• **Action item**:
Restate word for word all of the lines below, with each image left out.

• **Data below**:
============

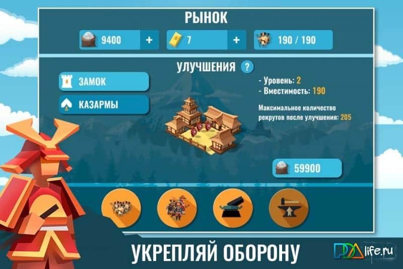 Samurai: War Game - Увлекательная игра, про Японию и её самураев. Это стратегия, но не обычная. Ваша основная задача, уничтожить базу противника, используя свои войска. На карте будет множество точек, городов, и каждая из них, изначально, будет пренадлежать нейтральным войскам, вы с помощью своих воинов, будете захватывать их, и производить там свои войска, и так пока не уничтожите главный замок врага. Стоит заметить, что в игре присутствует несколько типов войск, одни из них лучше в защите, другие в атаке, а третье хороши и тут и там, да и в добавок, имеют большую скорость передвижения. Так же, присутствует система усилений, что делает каждого игрока уникальным, вам решать куда делать уклон, и что улучшать по ходу игры. А теперь генералы, в атаку.
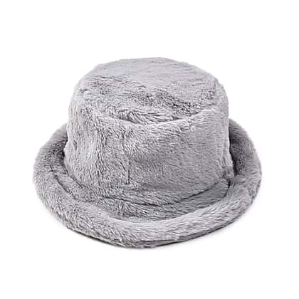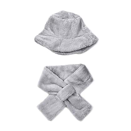 2 Piece Set - Faux Fur Hat and Scarf - Light Grey
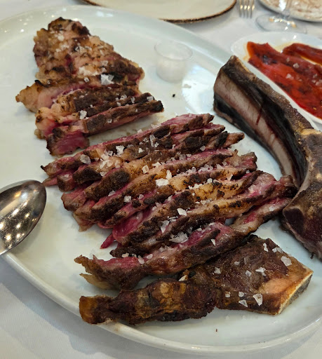 En primer lugar quiero decir que fui con unas expectativas grandes y se me han quedado demasiado bajas ( quizá solo sea mi experiencia) .De ahí que dude las reseñas tan buenas que habeis recibido ... En principio me gustaría decir que soy una persona que le gusta comer carne de calidad ( por eso quería ir ) y que de hecho no escatima nunca en ello , sea lo que sea ... La comida : pedí solomillo , no fue completamente de mi agrado . Lo pedí bien hecho , no fue así cuando me lo entregaron , se qué actualmente el solomillo está a 35€/kg , ponía que era aprox. 300-400grs , no era así ni de por asomo , la carne medianamente pasable, mucho nervio y mucha ternilla , quizá pudiera haber cogido el "peor" trozo . Que me cobreís el solomillo a 35€ cuando son 250grs y ni si quiera haya de acompañamiento una triste guarnición ,en condiciones , me parece de falta de respeto. Por lo que no lo vale . Se que los chuletones estaban bastante buenos , sin más . De guarnición, a parte del plato ... morcilla , torreznos , pimientos , lo que fuerte...no merece la pena , sinceramente, ¿a 7€ la porción?, por llamarlo de algún tipo , porque ni por asomo es una ración , lo siento pero eso así , muy triste. Que te cobren el pan , por llamarlo pan , 1 rebanada de pan a 2€ me parece un insulto . Pregúntame si quiero pan y el precio que tiene el pan, porque sinceramente no merece la pena . De vinos no puedo opinar porque no me gusta , pero se que tenéis bueno vinos . Por otro lado , de cerveza , siendo el sitio que es, ¿solo tenéis 2 tipos ?. El trato de los empleados no termino de agradarme , se les ve buenos profesionales , pero parece ser que a las camareras solo puedes pedirle las cosas a cuenta gotas para que no se agobien. Con el ambiente...( En general ) es un "asador" de polígono industrial, lo siento, pero no estáis en el barrio salamanca , en tres cantos , paseo de la Habana... los precios son completamente desmesurados para lo que es , no quiero menos preciar vuestra labor , pero es así . En resumen .. a mí gusto , no voy a decir que no merece la pena , pero no esperaba que fuese así , me he arrepentido de ir , lo siento. Sinceramente pensaba que iba a ser otra cosa , cuando te dejas además 900€ de cuenta y ni si quiera te pueden invitar a un café , por llamarlo café...
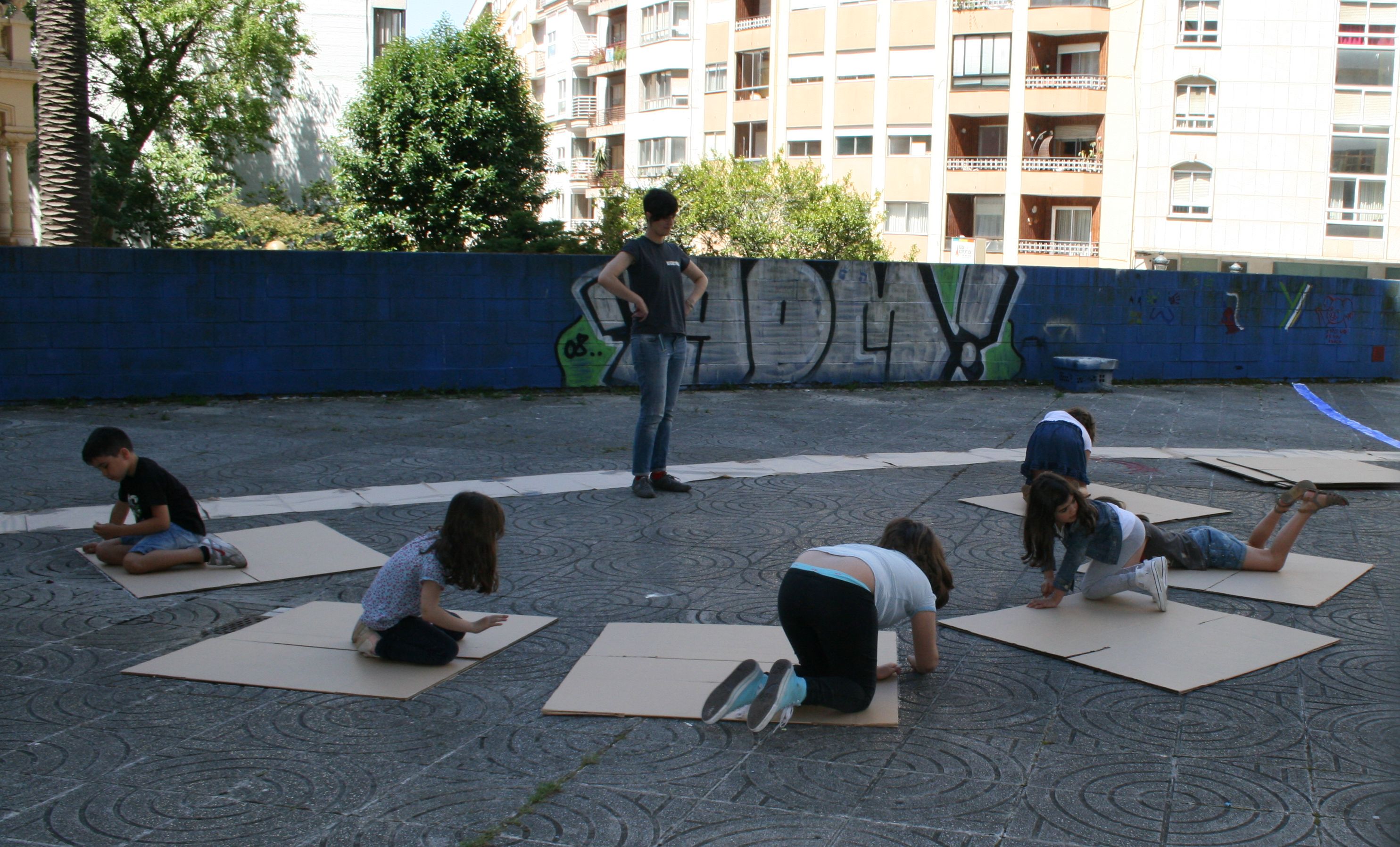 O día 25 de xuño amanecía soleado e caluroso. A praza na que se encontra Aula D estaba preparada para acoller a Cidade ideada pola arquitecta Iria Sobrino Fagilde e o seu equipo de pequenos urbanistas para os que tiña preparada a seguinte actividade.

============

• **Written answer**:
 Samurai: War Game - Увлекательная игра, про Японию и её самураев. Это стратегия, но не обычная. Ваша основная задача, уничтожить базу противника, используя свои войска. На карте будет множество точек, городов, и каждая из них, изначально, будет пренадлежать нейтральным войскам, вы с помощью своих воинов, будете захватывать их, и производить там свои войска, и так пока не уничтожите главный замок врага. Стоит заметить, что в игре присутствует несколько типов войск, одни из них лучше в защите, другие в атаке, а третье хороши и тут и там, да и в добавок, имеют большую скорость передвижения. Так же, присутствует система усилений, что делает каждого игрока уникальным, вам решать куда делать уклон, и что улучшать по ходу игры. А теперь генералы, в атаку.
 2 Piece Set - Faux Fur Hat and Scarf - Light Grey
 En primer lugar quiero decir que fui con unas expectativas grandes y se me han quedado demasiado bajas ( quizá solo sea mi experiencia) .De ahí que dude las reseñas tan buenas que habeis recibido ... En principio me gustaría decir que soy una persona que le gusta comer carne de calidad ( por eso quería ir ) y que de hecho no escatima nunca en ello , sea lo que sea ... La comida : pedí solomillo , no fue completamente de mi agrado . Lo pedí bien hecho , no fue así cuando me lo entregaron , se qué actualmente el solomillo está a 35€/kg , ponía que era aprox. 300-400grs , no era así ni de por asomo , la carne medianamente pasable, mucho nervio y mucha ternilla , quizá pudiera haber cogido el "peor" trozo . Que me cobreís el solomillo a 35€ cuando son 250grs y ni si quiera haya de acompañamiento una triste guarnición ,en condiciones , me parece de falta de respeto. Por lo que no lo vale . Se que los chuletones estaban bastante buenos , sin más . De guarnición, a parte del plato ... morcilla , torreznos , pimientos , lo que fuerte...no merece la pena , sinceramente, ¿a 7€ la porción?, por llamarlo de algún tipo , porque ni por asomo es una ración , lo siento pero eso así , muy triste. Que te cobren el pan , por llamarlo pan , 1 rebanada de pan a 2€ me parece un insulto . Pregúntame si quiero pan y el precio que tiene el pan, porque sinceramente no merece la pena . De vinos no puedo opinar porque no me gusta , pero se que tenéis bueno vinos . Por otro lado , de cerveza , siendo el sitio que es, ¿solo tenéis 2 tipos ?. El trato de los empleados no termino de agradarme , se les ve buenos profesionales , pero parece ser que a las camareras solo puedes pedirle las cosas a cuenta gotas para que no se agobien. Con el ambiente...( En general ) es un "asador" de polígono industrial, lo siento, pero no estáis en el barrio salamanca , en tres cantos , paseo de la Habana... los precios son completamente desmesurados para lo que es , no quiero menos preciar vuestra labor , pero es así . En resumen .. a mí gusto , no voy a decir que no merece la pena , pero no esperaba que fuese así , me he arrepentido de ir , lo siento. Sinceramente pensaba que iba a ser otra cosa , cuando te dejas además 900€ de cuenta y ni si quiera te pueden invitar a un café , por llamarlo café...
 O día 25 de xuño amanecía soleado e caluroso. A praza na que se encontra Aula D estaba preparada para acoller a Cidade ideada pola arquitecta Iria Sobrino Fagilde e o seu equipo de pequenos urbanistas para os que tiña preparada a seguinte actividade.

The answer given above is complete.